By Carol J. Williams, Los Angeles Times (TNS)
Russian President Vladimir Putin put to rest wild speculation about his health and his hold on the Kremlin leadership Monday with his first public appearance in ten days to receive the visiting Kyrgyzstan leader in St. Petersburg.
State-run Rossiya-24 television showed Putin greeting Kyrgyzstan President Almazbek Atambayev in his home city and the imperial capital, a keenly watched public encounter after his unusually long absence from the public eye.
Putin looked relatively fit as the international press corps gathered for his first sighting since March 5, a clatter of motor-driven camera shutters nearly drowning out his remarks about the emerging Eurasian Economic Union that he is building to coordinate trade with other former Soviet republics.
The Sputnik news agency reported that he joked when asked about the rampant speculation over his health and whereabouts: “It would be boring without gossip,” Putin replied.
Sputnik, formerly the RIA Novosti news agency, also carried a story about the “five most ridiculous theories” of Putin’s whereabouts. They included that he died, was gravely ill, attending the birth of his love child with a former gymnast, that he’d been overthrown and that he was binge-watching “House of Cards.”
Kremlin efforts to quash rumors about his absence backfired when pictures released last week were determined by hawk-eyed analysts to have been taken days earlier than suggested by their presentation.

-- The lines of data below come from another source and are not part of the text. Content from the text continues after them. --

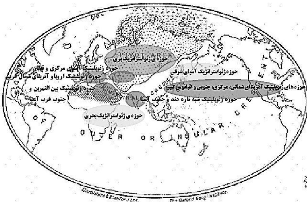
شکل ۱. دسترسی موقعیت ژئوپلیتیک ایران به قلمروهای ژئواستراتژیک و ژئوپلیتیک (مکیندر، ۱۹۰۴: ۴۲۱-۴۳۷)

موقعیت جغرافیایی ایران از پایدارترین عوامل تأثیرگذار بر قدرت ملی این واحد سیاسی است. بر این پایه، افرادی بر این باور هستند که «آنچه موجب اتصال و ارتباط ایران با نظام جهانی و تأثیرگذاری و تأثیرپذیری ایران در سدهٔ اخیر شده، موقعیت جغرافیایی در چهارراهی کشور ایران بوده و این عامل ایران را با نظام بین‌الملل مرتبط کرده است» (اطاعت، ۱۳۹۱: ۵۴). برژینسکی ایران را در یکی از شش منظومه قدرت قرار می‌دهد: ۱. منظومهٔ آمریکای شمالی، ۲. منظومهٔ اروپا، ۳. منظومهٔ آسیای شرقی، ۴. منظومهٔ آسیای جنوبی، ۵. منظومهٔ ناموزون مسلمانان و ۶. منظومهٔ احتمالی اوراسیا. هریک از این منظومه‌ها ویژگی‌های خاص دارند. سه منظومهٔ اول مصرف‌کنندگان اصلی انرژی هستند. منظومهٔ ناموزون مسلمانان که شامل خاورمیانه و شمال آفریقا است، تنها تولیدکننده‌های انرژی هستند که در این میان، منطقهٔ خلیج فارس، منطقهٔ صادرکنندهٔ مواد خام است (نامی و دیگران، ۱۳۸۸).
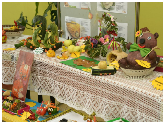
Поделки из овощей

На празднике «Золотой осени» можно было полакомиться аппетитным шашлыком, пирогами, пиццей, отведать настоящего алтайского меда. Особым
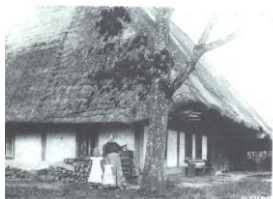
Bau Deutmann am Rütliweg

Putin’s last appearance before foreign journalists was a March 5 meet-and-greet with visiting Italian Prime Minister Matteo Renzi in Moscow. When a week went by without the 62-year-old president being seen at a public event, Kremlin media managers released brief film clips of Putin meeting with the Russian high court president on Friday and with the regional governor of Karelia two days earlier – both shots reportedly recorded before the Renzi visit.
Putin appeared Sunday in a two-and-a-half-hour film titled Crimea: Path to the Motherland, a combination documentary and dramatic re-enactment of the seizure and annexation of Ukraine’s Crimean peninsula a year ago. Although the film’s interview with Putin was obviously recorded earlier, the Kremlin leader’s ardent defense of the action that has plunged Russian-Western relations to a post-Cold War low served to present him as hale and defiant.
Russian officials have fostered an air of intensified security with the approach of Wednesday’s anniversary of the Crimea annexation. Defense Minister Sergei Shoigu announced on Rossiya-24 television at noon Monday that Putin had ordered full-scale readiness exercises for 40,000 troops and sailors of the Northern Fleet and airborne forces.
A threat of violence has also remained palpable since the Feb. 27 assassination of one of Putin’s harshest critics, Boris Y. Nemtsov. The former first deputy prime minister and opposition leader was gunned down gangland-style as he walked home from a late dinner across a bridge in the shadow of the Kremlin, spurring accusations that Putin was at least complicit in creating an atmosphere of impunity for political murders.
Five men of Chechen origin from the restive Caucasus region of southern Russia have been arrested in the case, two of them charged with killing Nemtsov. One of the accused, Zaur Dadayev, is a former Chechnya police commander and a close ally of Putin’s appointed Chechnya overlord Ramzan Kadyrov, which has spurred rumors of a breach or power struggle between the Kremlin leader and his Chechen lieutenant.